A while back I recall seeing a link to amazon that featured these small 2oz wide mouth mason jars. They were real short and wide. I want to buy some now but I cannot find the link. I searched the site forums, google, amazon, etc and still have not found what I am looking for.

The closest I could get was:

Amazon.com: Ball Collection Elite Platinum Wide Mouth Half Pint Jar Set of 4: Goodman's

These seem pretty good but I was hoping to get some measurements from some BOTL's before I buy some online.

Does anyone know what the 2oz ones were called or where I can find them?

Thanks,


----------



## woops (Aug 5, 2007)

The ones you have a link to do not stack as well as the Kerr.

I use the Kerr 1/2 pint wide canning jars for long term storage. They hold 2oz perfectly, and *you can find them at most grocery stores.*

Ball Wide Mouth Glass Canning Jars - Freund Container & Supply

Used for a shorter term storage ...... several people like these as well:

Storage Containers - ZiplocÂ® Brand Twist 'n Locâ„¢ Containers

ipe:


----------



## Terrier (Jan 15, 2010)

I found some at Walmart.


----------



## JohnnyFlake (May 31, 2006)

I have never seen or even heard of a 2oz Mason Jar of any brand, however, I do have about 30 of the Kerr 8oz short, wide mouth jars shown in one of the links above, which hold, almost exactly, 2oz of ribbon cut tobacco.
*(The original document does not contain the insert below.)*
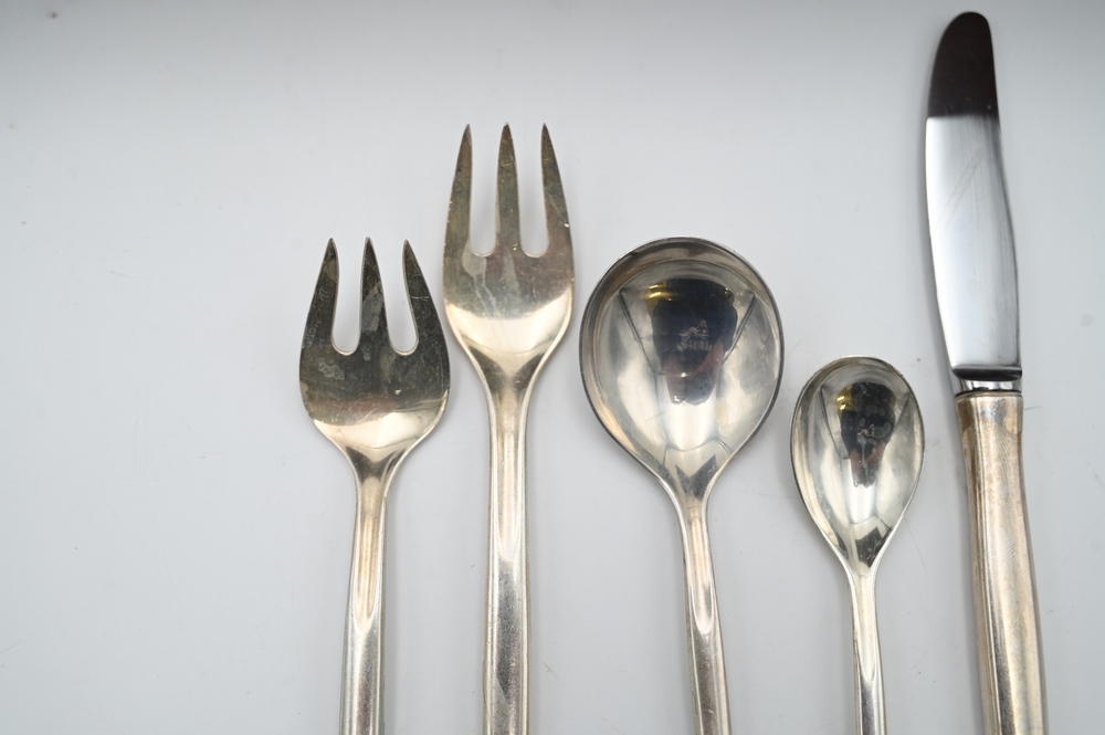 76 Piece Anton Michelsen Sterling Silver Flatware Set, in Tulip pattern, to include 12 dinner forks, 12 salad forks, 12 soup spoons, 12 tablespoons, 12 teaspoons, 2 butter knives, 1 ladle, 1 server, 12 weighted dinner knives, 95.8 weighable t.oz. plus 12 handles.

They are great!

They look very similar to the ones in Claes link but they are Kerr, not the Ball brand.


----------



## Claes (Dec 19, 2008)

Thank you for the responses. I will have to go an en epic grocery hunt on Wednesday!


----------



## dukeofbluz (Dec 16, 2009)

if you have a Menards near you, they have a great selection


----------



## Hermit (Aug 5, 2008)

The little bitty ones are four ounces. (Remember that means *fluid *ounces.)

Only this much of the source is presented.